Исследование приводит нас к двум выводам. Во-первых, лингвистические предсказания буквально пронизывают наш мозг. Точно оценив степень удивления, а также показав, что на разных уровнях иерархии коры мозга наблюдается разный уровень удивления, мы получаем важное доказательство фундаментальной идеи о языке, озвученной в этой главе. Она гласит: наш мозг постоянно генерирует гипотезы о том, что мы слышим, что прозвучит дальше и что это все значит. Именно об этом мы говорили в главе 1, из которой узнали, что именно постоянное ожидание слов, которых мы слышим, делает речь в принципе понятной и разборчивой.

Во-вторых, мы узнали и кое-что еще — возможно, даже намного более важное: вычисления, проводимые искусственными языковыми моделями, и те, что происходят в наших головах, опираются на одну информацию. Это приводит нас к любопытному предположению: возможно, процессы в наших биологических мозгах и искусственных машинах имеют качественное сходство.

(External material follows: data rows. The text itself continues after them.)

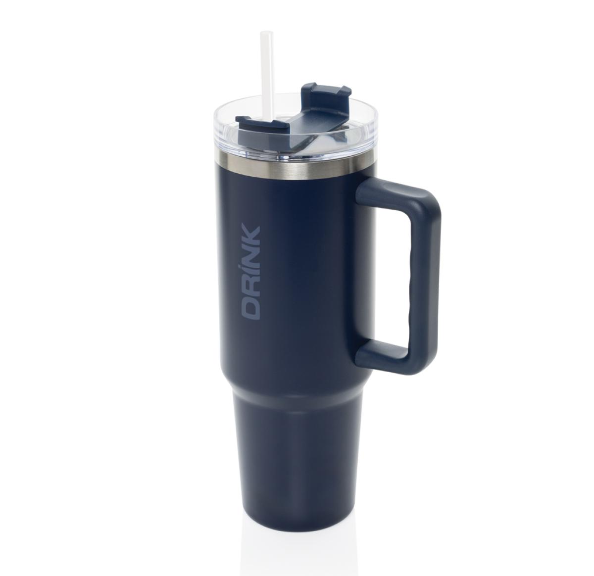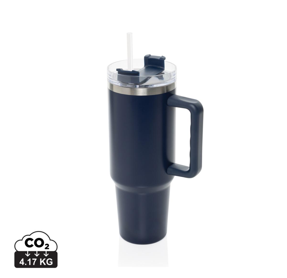 Meet Peakflow, the ultimate 1200ml tumbler designed for those who need a little extra. Its comfort-grip handle and slim base make it easy to carry and fit into most cup holders, keeping you hydrated on the go. Outside made from durable recycled stainless steel, Peakflow’s double-walled, vacuum-insulated body keeps drinks at the perfect temperature. It features a spill-proof lid with a dual function for sipping or using the included recycled steel straw. RCS-certified, with 29% recycled content, and BPA-free. Perfectly practical and lower impact, we recommend handwashing. Bulk packed.
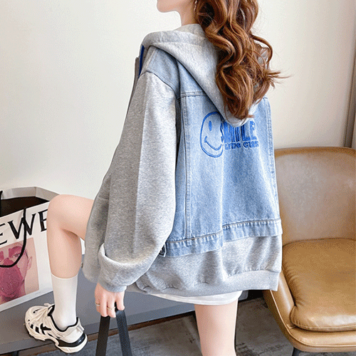 - 해피 오버핏 데님 배색 후드 점퍼( 리뷰 : 0 )
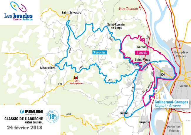 Disputée le samedi 24 février 2018 dans le cadre des Boucles Drome Ardèche, la 18ème édition de La Classic Sud Ardèche prend une nouvelle fois son départ depuis Guilherand-Granges. Cette année la course est marquée par la mise en place d’un nouveau parcours. Les éléments qui ont fait le succès des éditions précédentes restent cependant au programme avec les coteaux de Cornas et l’ascension du Val d’enfer dont le sommet est situé à moins de 5 km de l’arrivée.
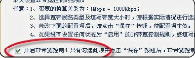 2、开启IP带宽控制 在路由器设置菜单中找到IP带宽控制选项。以水星MR300无线路由器为例,一定要勾选“开启IP带宽控制”才有效。某些无线路由器则在开启IP带宽控制之后,需重启路由器才能生效。根据需要填写带宽类型及带宽大小。
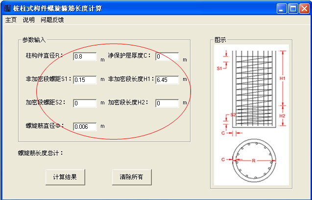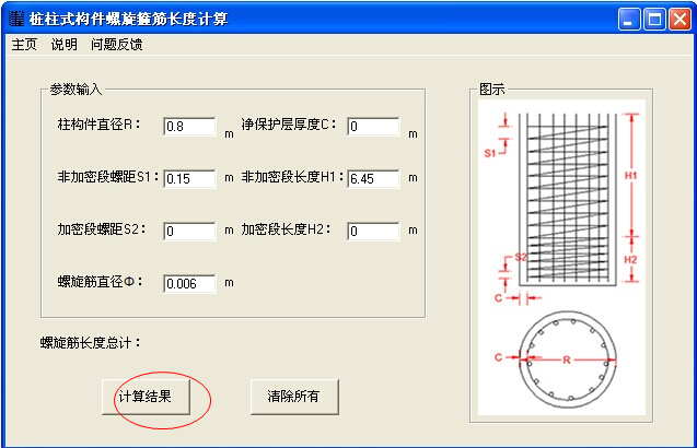 桩柱式构件螺旋箍筋长度计算的使用方法

Если мы серьезно отнесемся к этой возможности, то она бросит заметную тень на декартову модель языка, с которой мы начали. С точки зрения Декарта или Хомского язык возносит нас на пьедестал, поскольку его невозможно свести к чисто механическому отслеживанию закономерностей. Но здесь мы видим, что крутящиеся вычислительные шестеренки механического алгоритма вроде GPT-2 порождают предсказательные структуры, похожие на те, что работают в языковых центрах мозга. Сходство между нашим умом и машинами на первый взгляд ставит перед нами очень неприятную дилемму. Что нам делать: поднять искусственные разумы на те пьянящие высоты, в которых парят наши собственные, или самим опуститься на пару ступенек и добровольно лечь в канаву неоригинальности и сопоставления шаблонов?

На первый взгляд мысль, что язык внутри нашего разума похож на язык внутри машин, пугает. Некомфортно считать, что языковые центры вашего мозга просто считывают и используют паттерны, как машина, и все, что вы говорите и пишете, состоит из «пережеванных» паттернов, мотивов, механизмов и фраз, усвоенных из чужой речи.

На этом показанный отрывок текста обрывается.